Exercise: Begin with the first line below and retype each line exactly through the line containing "Store › Lazarus". Any pictures are to be left out.

Input for this task:
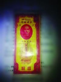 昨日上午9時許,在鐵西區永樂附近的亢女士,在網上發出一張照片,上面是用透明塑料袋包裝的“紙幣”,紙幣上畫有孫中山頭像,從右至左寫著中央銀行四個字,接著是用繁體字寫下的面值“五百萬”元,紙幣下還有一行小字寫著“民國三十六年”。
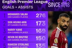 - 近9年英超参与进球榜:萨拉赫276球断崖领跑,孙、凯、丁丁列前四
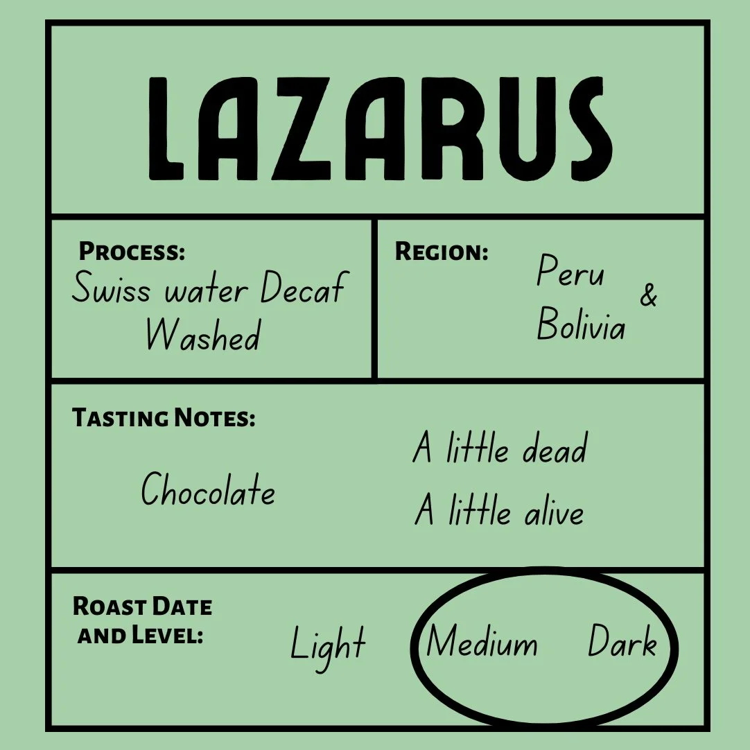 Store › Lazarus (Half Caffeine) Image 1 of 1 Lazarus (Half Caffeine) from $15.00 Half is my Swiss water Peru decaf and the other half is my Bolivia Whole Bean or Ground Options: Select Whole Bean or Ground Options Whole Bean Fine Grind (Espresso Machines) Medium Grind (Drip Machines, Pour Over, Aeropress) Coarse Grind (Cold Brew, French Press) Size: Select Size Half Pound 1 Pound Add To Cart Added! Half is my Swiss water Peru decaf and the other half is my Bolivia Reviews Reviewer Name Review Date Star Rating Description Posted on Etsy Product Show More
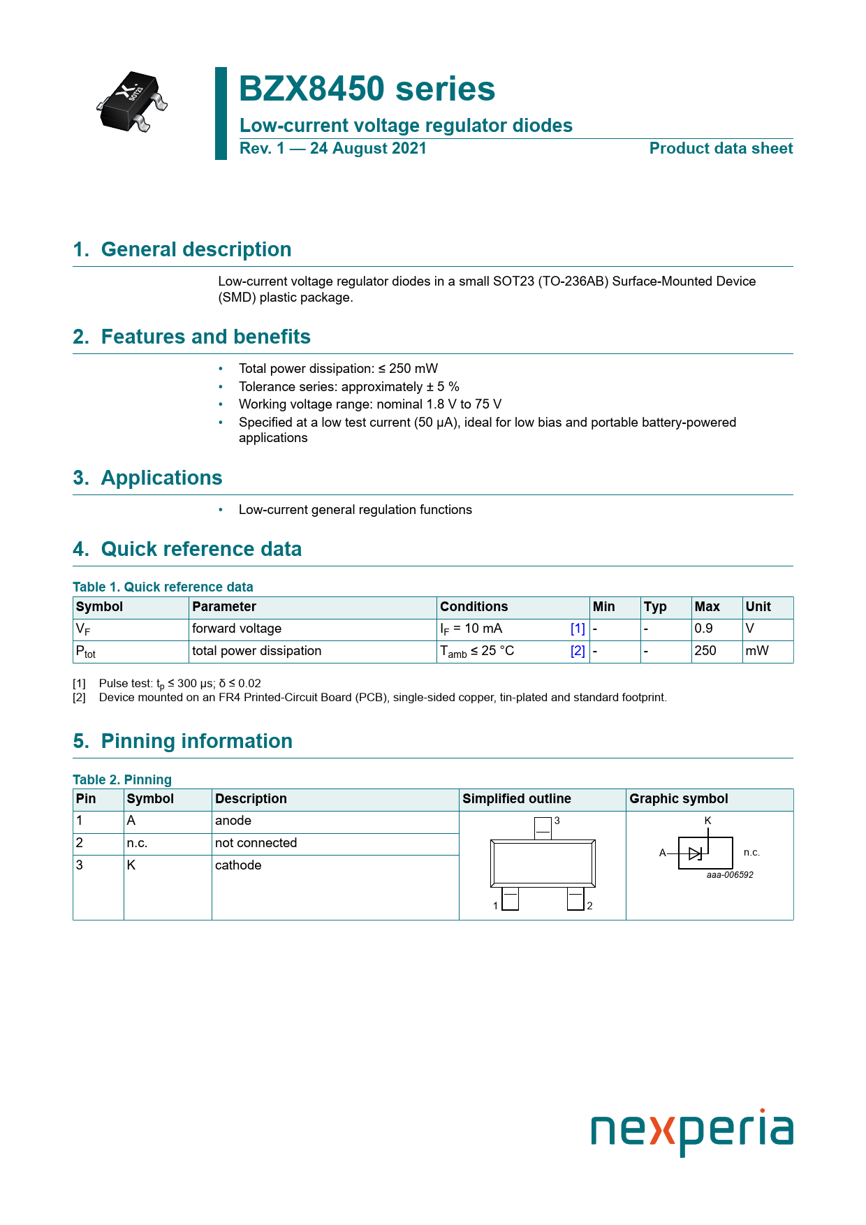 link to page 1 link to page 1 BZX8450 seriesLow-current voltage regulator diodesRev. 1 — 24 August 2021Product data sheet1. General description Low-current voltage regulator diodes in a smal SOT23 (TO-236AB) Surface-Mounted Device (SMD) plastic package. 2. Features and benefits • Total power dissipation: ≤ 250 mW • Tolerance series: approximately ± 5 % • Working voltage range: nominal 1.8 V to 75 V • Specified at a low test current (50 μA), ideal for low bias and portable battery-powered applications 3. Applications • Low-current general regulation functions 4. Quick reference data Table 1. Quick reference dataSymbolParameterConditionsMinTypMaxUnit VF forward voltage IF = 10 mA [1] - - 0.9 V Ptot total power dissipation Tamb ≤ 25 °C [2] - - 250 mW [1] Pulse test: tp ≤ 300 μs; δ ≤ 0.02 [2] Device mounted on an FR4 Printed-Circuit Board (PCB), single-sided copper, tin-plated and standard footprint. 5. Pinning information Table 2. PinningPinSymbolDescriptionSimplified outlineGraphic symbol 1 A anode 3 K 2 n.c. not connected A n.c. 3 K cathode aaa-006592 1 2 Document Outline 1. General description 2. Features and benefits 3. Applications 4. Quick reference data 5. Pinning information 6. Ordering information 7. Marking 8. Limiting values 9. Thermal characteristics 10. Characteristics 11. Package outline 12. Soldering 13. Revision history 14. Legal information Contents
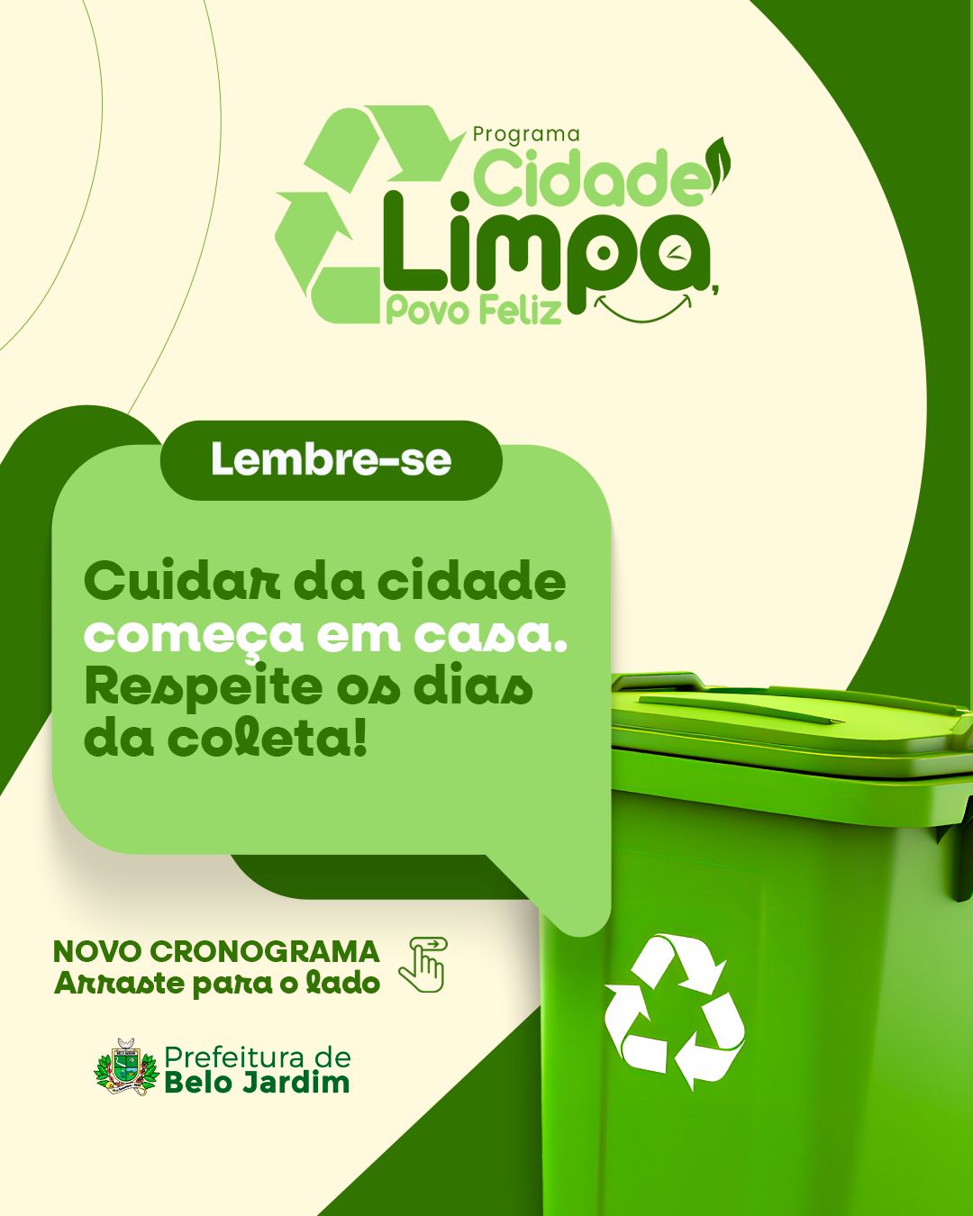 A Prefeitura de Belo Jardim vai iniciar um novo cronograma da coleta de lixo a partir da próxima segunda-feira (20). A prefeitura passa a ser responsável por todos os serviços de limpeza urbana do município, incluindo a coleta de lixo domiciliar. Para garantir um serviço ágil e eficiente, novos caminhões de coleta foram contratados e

The answer:
 昨日上午9時許,在鐵西區永樂附近的亢女士,在網上發出一張照片,上面是用透明塑料袋包裝的“紙幣”,紙幣上畫有孫中山頭像,從右至左寫著中央銀行四個字,接著是用繁體字寫下的面值“五百萬”元,紙幣下還有一行小字寫著“民國三十六年”。
 - 近9年英超参与进球榜:萨拉赫276球断崖领跑,孙、凯、丁丁列前四
 Store › Lazarus (Half Caffeine) Image 1 of 1 Lazarus (Half Caffeine) from $15.00 Half is my Swiss water Peru decaf and the other half is my Bolivia Whole Bean or Ground Options: Select Whole Bean or Ground Options Whole Bean Fine Grind (Espresso Machines) Medium Grind (Drip Machines, Pour Over, Aeropress) Coarse Grind (Cold Brew, French Press) Size: Select Size Half Pound 1 Pound Add To Cart Added! Half is my Swiss water Peru decaf and the other half is my Bolivia Reviews Reviewer Name Review Date Star Rating Description Posted on Etsy Product Show More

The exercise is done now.